My hands shake a lot. Panic does that.

I feel panic when I get angry, intensifying the feeling. I consciously resist feeling angry.

I feel hopeless mostly. Tolerate things I shouldn't

I am not well so do not say it is 'just nothing'

You know nothing about it. You can't if you do not have it as well.

I am not normal. I have a problem which likely is genetic. It seems common in my maternal DNA.

You don't want to upset me, do ya? Don't talk about my condition like it's nothing.

It is everything.

Monday, January 26, 2015

Hate Sickness

I hate being sick. I haven't been sick in a long time. What is different about now?

I had to get a big box of Puffs. My nose is clogged, slowly leaking high-grade mucous. That mucous, I have seen naughty films where a female gags herself on fellatio and spits up the same mucous. How in the world is that attractive? It feels good to receive it but not so watching it.

What is the point of this mucous? What is my body doing?

I have lost my voice, I try not to talk, it kind of hurts.

I don't like being sick. Doubt seriously anyone does but really, it's just awful.

I slept for 10 and a half hours. What is happening to me?

I don't like getting up at 5 pm but did on this Hate Sunday.

Feel the worse when I do wake up.

My digestive system seems not to be affected. I still get hungry and can eat. God forbid if I have another accident. I think that was because it was dia-icky and I didn't realize it. I did clean my MeUndies which aren't really supposed to be washed and dried in the fashion I usually do laundry. Heat blasting dryer, I mean, it costs quarters to keep it going. I set it to hot and set it for 30 minutes. 35 to 40 minutes for pants and towels. HAVE to be dry because of the long stretches between the time I can do laundry.

I hate being sick. I hope it fades before my benefit comes. It is embarrassing being sick in public. You feel like you shouldn't be out and about.

But really, that is in like a week away. I have been sick for going on 4 days already. If it goes on for that long, what damage is this doing to my body?

I can't go to the doctor now. I may have medicare but if he prescribes a medicine, which is usually the case with my doctor, I could not afford to get it right now.

Fucking greed in all of the healthcare and pharma industries.

I have not seen my doctor since the summer of 2013. That may be a bad thing but that is how it is. Parts of my medicare don't mature until another few months.

I may be getting better but still feel awful. I mean, my body must be fighting back. If this is bacterial in origin, some of it has likely migrated to my prostate gland because it has been hurting more than normal  recently.

I do want to talk about other things but a long as I am sick, this will be what I write about.

Sunday, January 11, 2015

Badly Sore

I hurt my hip falling through the floor. It is hard to walk and sit down. That nasty scratch's pain has intensified. I don't know what to do about it.

I am sorry if the change to my blog bothers you. I do post pictures of things that bother me. My male parts are one of those things.
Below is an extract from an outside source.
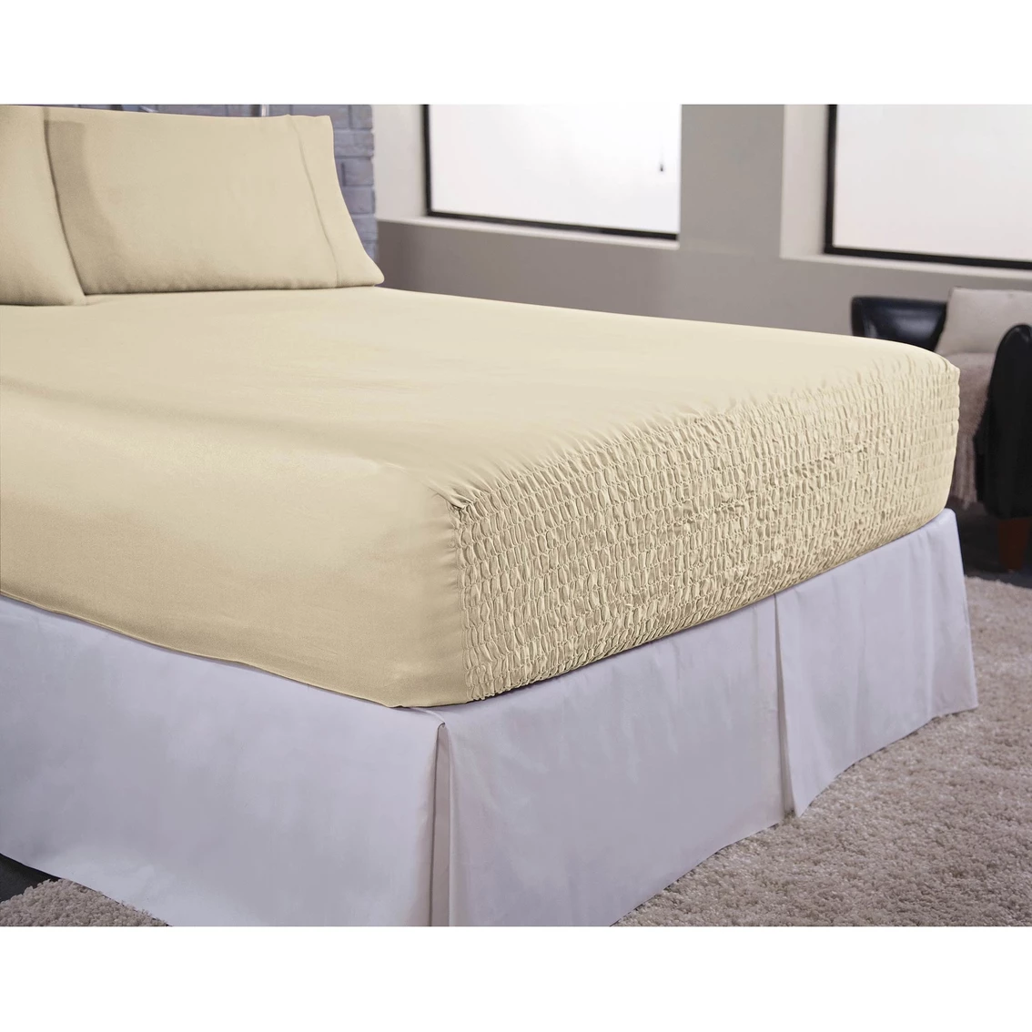 Get comfy and cozy with Bed Tite 300 thread count, cotton soft, comfortable sheet sets. Feature a patented fitted sheet that is guaranteed to fit mattresses from 7-inches to 20-inches thick. Easy to put on and take off mattress. Easy care. Available in a wide range of colors and sizes. 100% cotton. Style: 8440670244.

The scratch picture will be taken over the course of healing. I have one from this afternoon but I will not post it.

I may have to go to the doctor. I will let y'all know if I do. This pain is nigh intolerable.

I feel awful. May have contracted a bacterial infection thanks to that scratch. Nasty floor that scratched me.

I don't know if I can maintain this stupid thing, fixing pipes. I never had to do that before in my whole life before being here.

You don't know how important water is until you don't have it. It is vital to bathing, cooking, drinking, vital to life. You would die without it.

It is just stupid. I may have harmed my prostate gland falling like I did. I hit the bottom of the floor hard on it.

There is no blood in my pee but I have been looking for that every time I pee for several years now. Found it once when I worked at wm. Not since though it feels like there should be.

I feel awful. I wish this hadn't happened.

Friday, January 9, 2015

Allergies

You might think ill of my allergies? I mean, who is allergic to laundry detergent? But it isn't something silly. My skin rages. I have scratched until I started bleeding in some places.


This is not restricted to any one part of me. My abdomen is most affected, then my legs, then my male parts. Parts covered by clothing.

Add to this the dry skin typical of this time of year and the itching is damn-near intolerable. I can manage but for how long? Do I have to hurt my skin scratching  as time goes by?

I cannot get a ride to the store to get more All Free-Clear and to the lavandería to rewash the Tide out of my clothes. This may be an overestimation of the problem but I won't feel it is all right until this is done.

I say it in Español because that is what is on the sign on the building in my hometown. I like saying that better anyway. I did take many years of Spanish in school and some of it bubbles up in the mental froth occasionally.

This itching is getting on my nerves. The rashes mar my pale skin. Dry skin is only making it worse.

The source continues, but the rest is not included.